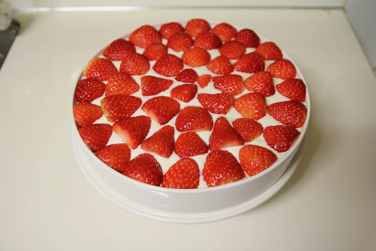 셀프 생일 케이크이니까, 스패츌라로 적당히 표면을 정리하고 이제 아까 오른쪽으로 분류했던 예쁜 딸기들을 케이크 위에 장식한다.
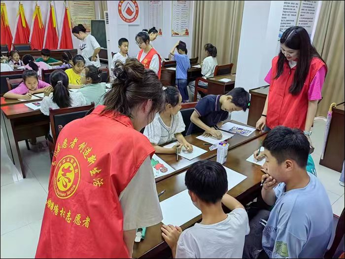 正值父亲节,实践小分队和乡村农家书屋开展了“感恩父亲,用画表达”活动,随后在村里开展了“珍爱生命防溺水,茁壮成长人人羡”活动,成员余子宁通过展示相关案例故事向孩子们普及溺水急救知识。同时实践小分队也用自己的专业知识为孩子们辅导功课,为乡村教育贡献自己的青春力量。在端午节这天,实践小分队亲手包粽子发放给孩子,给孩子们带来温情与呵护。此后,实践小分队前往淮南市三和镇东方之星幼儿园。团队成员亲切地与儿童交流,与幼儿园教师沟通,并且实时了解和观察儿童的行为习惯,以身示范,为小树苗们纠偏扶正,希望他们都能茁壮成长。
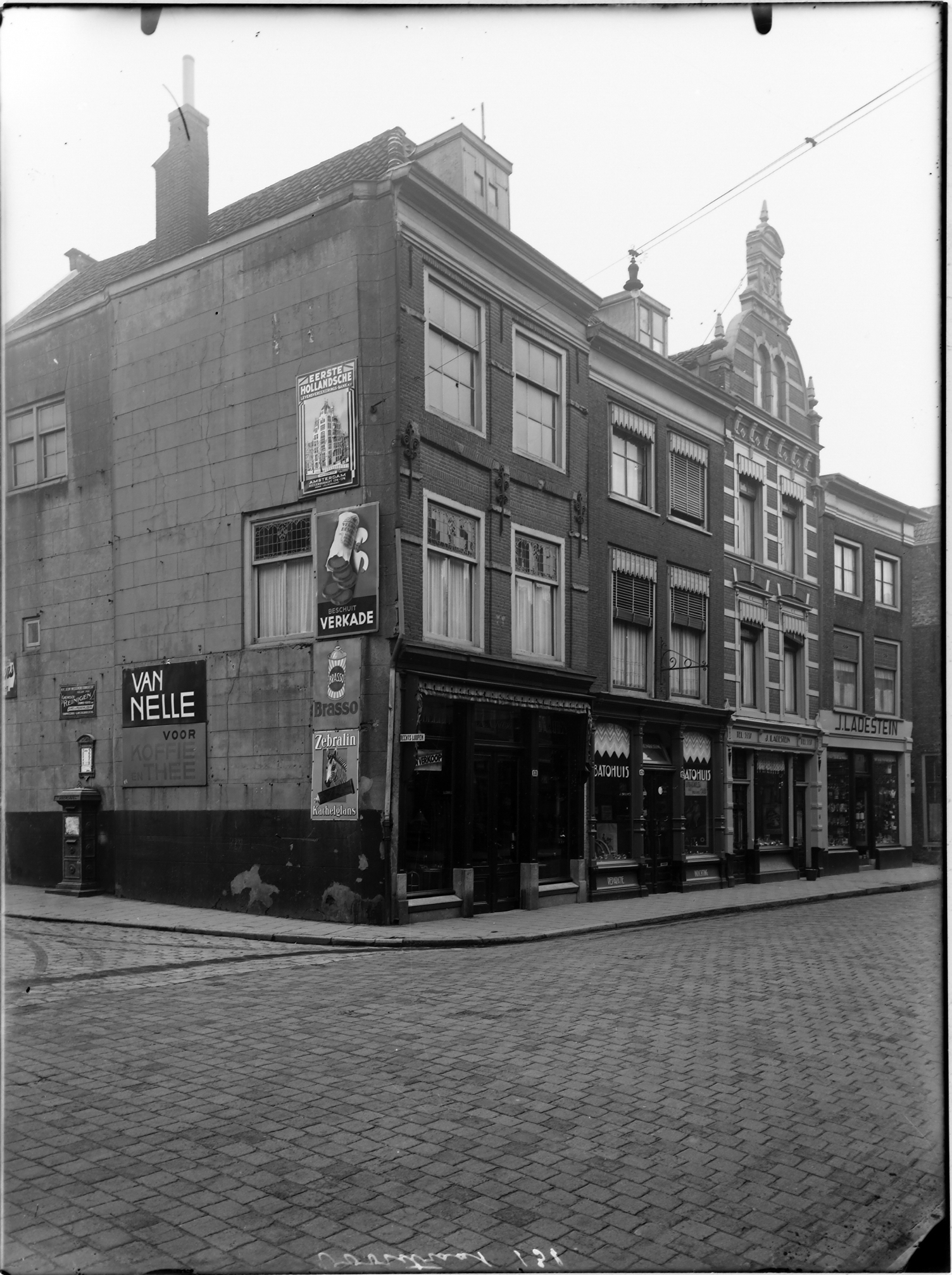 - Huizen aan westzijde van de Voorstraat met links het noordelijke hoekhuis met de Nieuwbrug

__Assignment__:
Could you write out the whole listing exactly, skipping every picture?

__Exercise result__:
 셀프 생일 케이크이니까, 스패츌라로 적당히 표면을 정리하고 이제 아까 오른쪽으로 분류했던 예쁜 딸기들을 케이크 위에 장식한다.
 正值父亲节,实践小分队和乡村农家书屋开展了“感恩父亲,用画表达”活动,随后在村里开展了“珍爱生命防溺水,茁壮成长人人羡”活动,成员余子宁通过展示相关案例故事向孩子们普及溺水急救知识。同时实践小分队也用自己的专业知识为孩子们辅导功课,为乡村教育贡献自己的青春力量。在端午节这天,实践小分队亲手包粽子发放给孩子,给孩子们带来温情与呵护。此后,实践小分队前往淮南市三和镇东方之星幼儿园。团队成员亲切地与儿童交流,与幼儿园教师沟通,并且实时了解和观察儿童的行为习惯,以身示范,为小树苗们纠偏扶正,希望他们都能茁壮成长。
 - Huizen aan westzijde van de Voorstraat met links het noordelijke hoekhuis met de Nieuwbrug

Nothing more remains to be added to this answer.